I ssh into the gateway box, then ssh from there to whatever LAN host I 
need to get into. 

To illustrate: remotehost is a remote PC on a different network. windbag 
is my gateway/firewall, and stinkpad is a LAN host. Windbag and stinkpad are 
on 192.168.1.0/24. Windbag has two NICs, wan and lan.

carla at remotehost:~$ ssh windbag.foo.net
carla at windbag.foo.net's password:
Linux windbag 2.6.12-10-386 #1 Mon Feb 13 12:13:15 UTC 2006 i686 GNU/Linux
Last login: Sat Mar 11 17:07:24 2006 from foo-29.isp.net

carla at windbag:~$ ssh stinkpad
carla at stinkpad's password:
Last login: Sat Mar 11 17:07:50 2006 from windbag.foo.net

[carla at stinkpad ~]$

This works fine, and I don't have a pressing need to find a better way.
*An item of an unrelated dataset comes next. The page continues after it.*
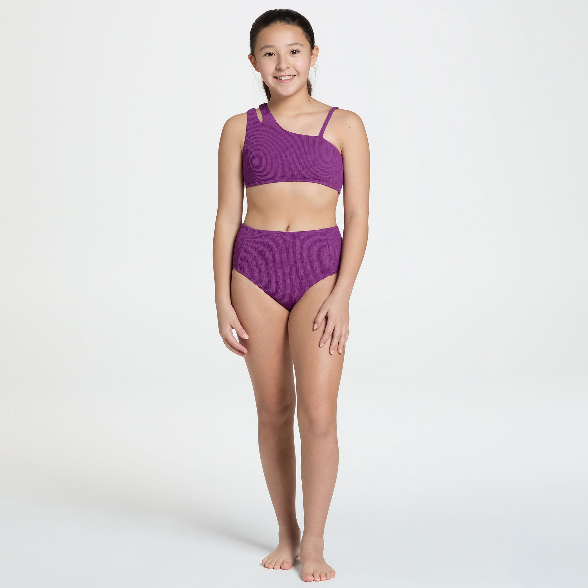 Let her make a splash with the DSG Girls' Asymmetric Swim Top, designed to keep her comfortable and stylish. The fitted design and unique asymmetric detailing ensure she stands out while enjoying her favorite water activities. Plus, with 50+ UV protection, you can feel confident knowing her skin is shielded from harmful rays.

But I 
was fiddling around and wondering, can I write rules that will let me log 
directly into stinkpad, or any other LAN host, without having to log into 
windbag first? Assume all LAN hosts have private, non-routable addresses.

I tried forwarding:

$ipt -t nat -A PREROUTING -i $WAN_IFACE -p tcp --dport 10000 -j DNAT 
--to-destination 192.168.1.12:22
$ipt -A FORWARD -p tcp -i $WAN_IFACE -o $LAN_IFACE -d 192.168.1.12 --dport 22  
-j ACCEPT

But this doesn't work, because all outgoing traffic is SNAT-ed, so the remote 
SSH client sees the same IP for all hosts, so when it sees a different host 
key it pitches a fit:

@@@@@@@@@@@@@@@@@@@@@@@@@@@@@@@@@@@
@    WARNING: REMOTE HOST IDENTIFICATION HAS CHANGED!     @
@@@@@@@@@@@@@@@@@@@@@@@@@@@@@@@@@@@
IT IS POSSIBLE THAT SOMEONE IS DOING SOMETHING NASTY!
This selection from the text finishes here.